Memorization calibration sensitivity: \(\gamma_{\text{KM}} = -0.040\) (largest absolute value), indicating that exact factual recall is the most sensitive capability to calibration data volume.
The four-factor model improves Adj R² by 3.5% over the two-factor baseline \((N, B)\), and extrapolation to Qwen3-32B is validated successfully.

Highlights & Insights¶

The task-stratified scaling law framework is highly practical—it guides practitioners toward informed quantization configuration decisions under resource constraints.
The critical role of fine-grained factors in low-bit regimes is an important finding: default configurations at 3-bit may cause capability collapse.
Consistent behavior across architectures (Qwen3 → Llama-3) confirms the generalizability of the derived laws.

Limitations & Future Work¶

Only GPTQ is employed as the quantization method.
2-bit data are excluded from fitting due to performance collapse.
QAT and mixed-precision scenarios are not considered.
Evaluation of generative tasks is not covered.

vs.

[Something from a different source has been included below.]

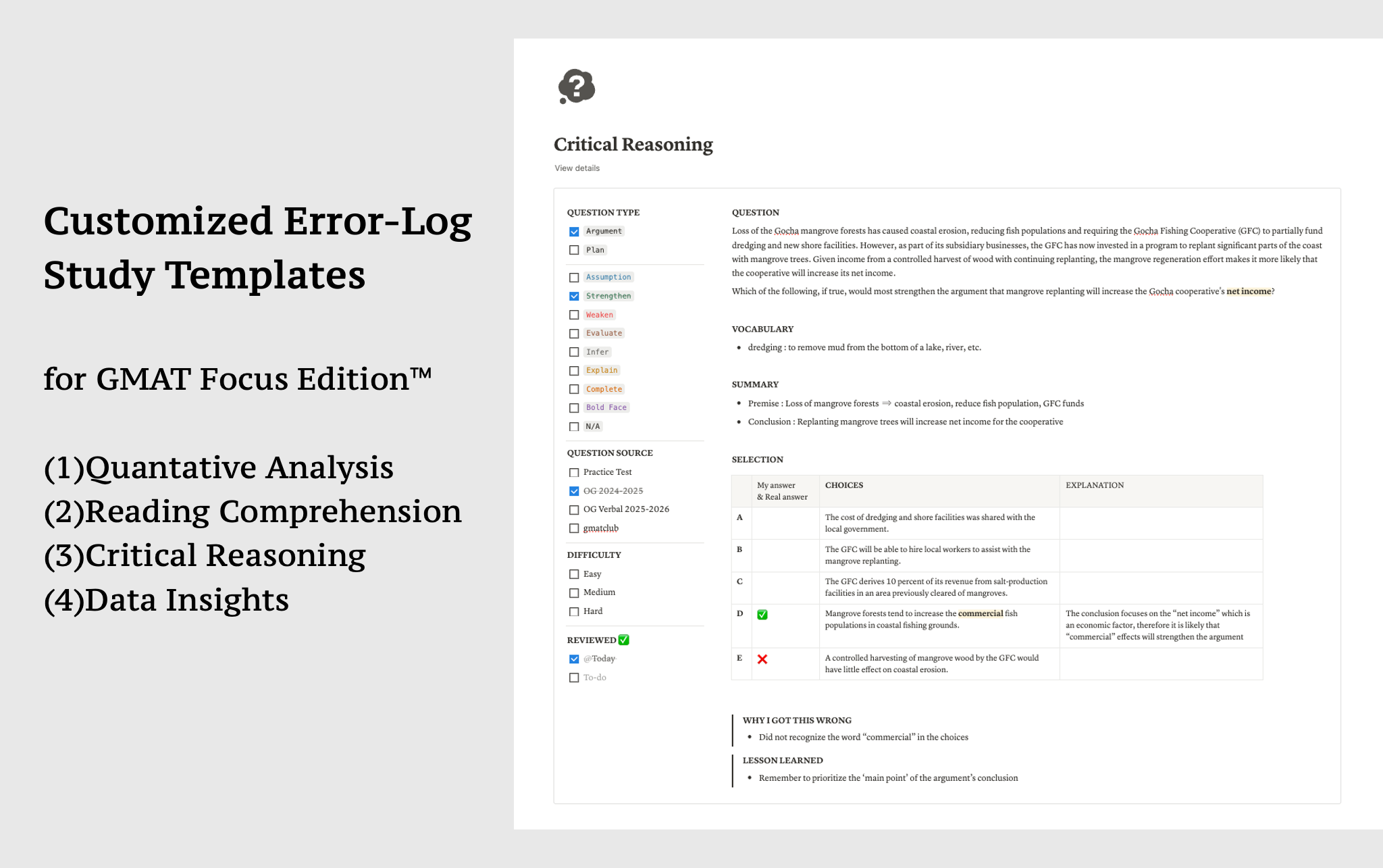 That’s why keeping track of your mistakes — and really learning from them — is essential. But I know from experience: jotting errors down randomly can get messy fast. That’s exactly why I created this Notion template.

Chinchilla Laws: Chinchilla targets full-precision models; this work extends the framework to quantized settings and incorporates group size and calibration set as additional factors.
vs. QiD Laws: QiD models only aggregate performance degradation; this work stratifies the analysis across three distinct knowledge capability levels.

Rating¶

Novelty: ⭐⭐⭐⭐ First task-stratified PTQ scaling laws; unified four-factor framework.
Experimental Thoroughness: ⭐⭐⭐⭐⭐ 293 configurations + 14 benchmarks + cross-architecture validation + extrapolation testing.
Writing Quality: ⭐⭐⭐⭐ Clear mathematical derivations; convincing figures and tables.
Value: ⭐⭐⭐⭐⭐ Directly actionable for LLM quantization practice.